22 July 2011
Sales of CFL light bulbs are down more than 16% compared to last year, according to a report released last week by NEMA. Meanwhile, incandescent bulb sales increased 6.4% over the previous quarter. Are we going backwards? CFL's have been proven to consume 4-7x less energy than incandescent bulbs to produce the same lumens (total light emitted). CFL's are available at every major retailer with numerous choices. The return on investment (ROI) for CFL's is often just a few months based on the energy savings. Yet incandescent light bulbs are growing at a very healthy rate, while CFL market share goes into a rapid decline.
What does this mean for adoption of LED light bulbs? We at Mr. Beams expected to see mass market LED light bulbs available this year.
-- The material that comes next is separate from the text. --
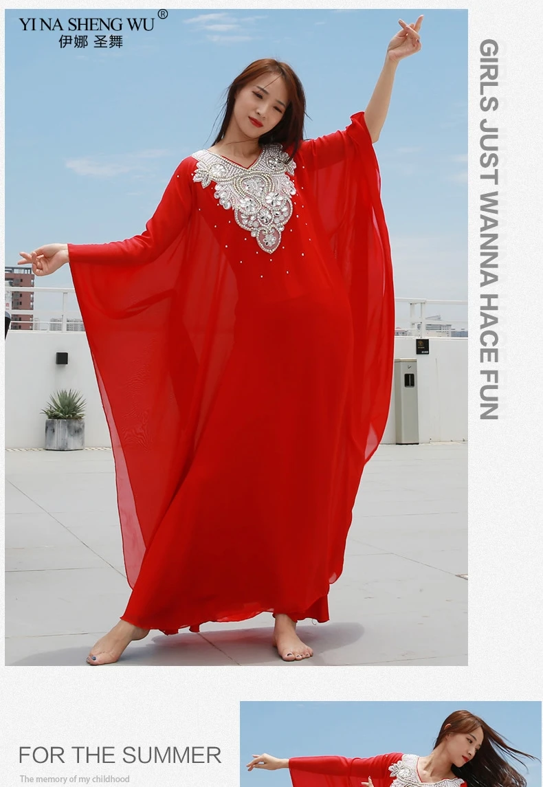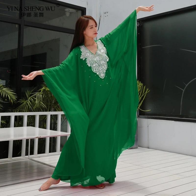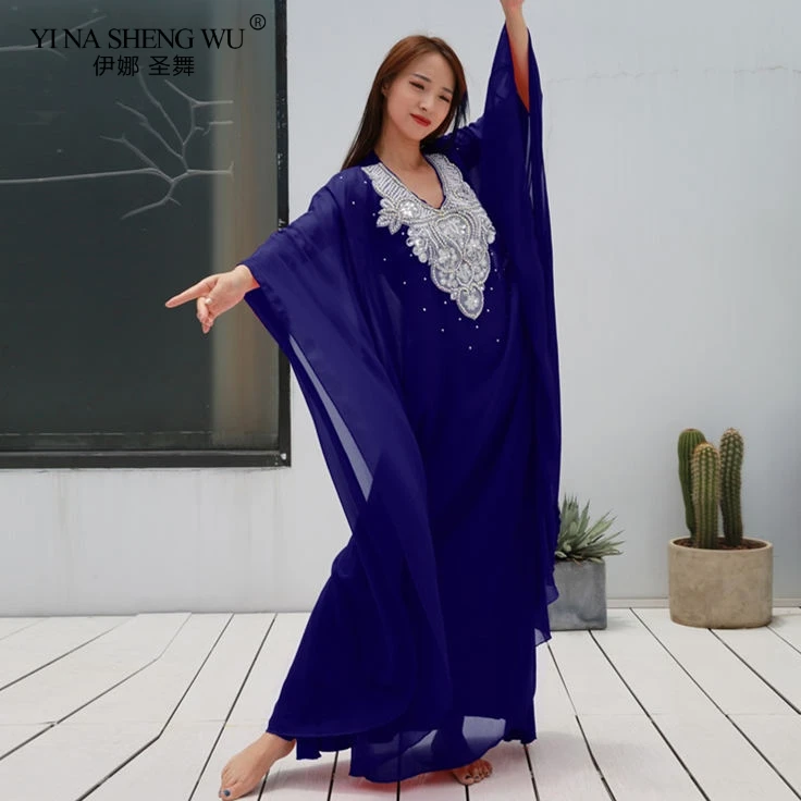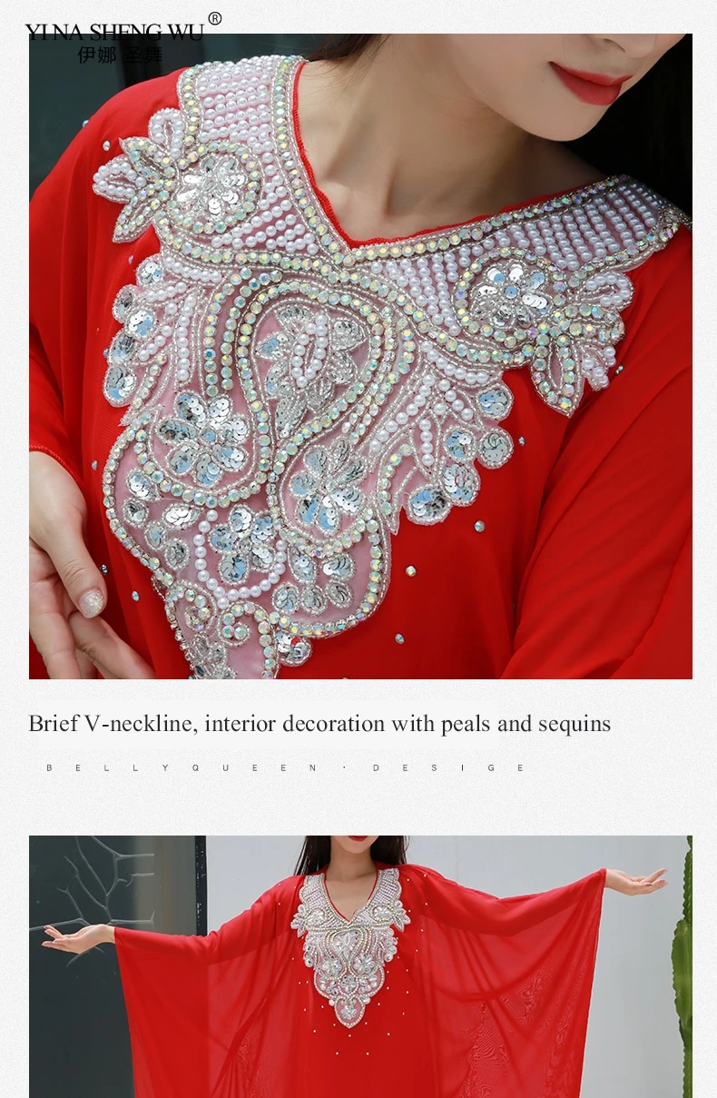 Новая женская Одежда для танцев, одежда для танца живота, платье-кафтан с блестками, шифоновое традиционное платье Khaleeji, платья для танца живота, 2 шт.

We see larger selection at stores such as Lowes (see earlier blog), but at $15 - $65 price points, it is only the early adopters and those financially comfortable enough to accept an ROI of 5-8 years who are buying. If CFL's - with their 2-6 month ROI - are declining in market share, then LED light bulbs at a 5-8 year ROI are not going to experience any traction for many years. We see reports that the expansion in capacity will lead to dramatic reductions in the prices of LEDs over the next few years, but even a 50% retail price reduction will not make a large improvement in sales - if you use CFL's as the example. The challenge will be for LED bulb manufacturers to survive to see the cost reductions and for them to fight the temptation to cut the quality in order to meet the consumer demanded price points.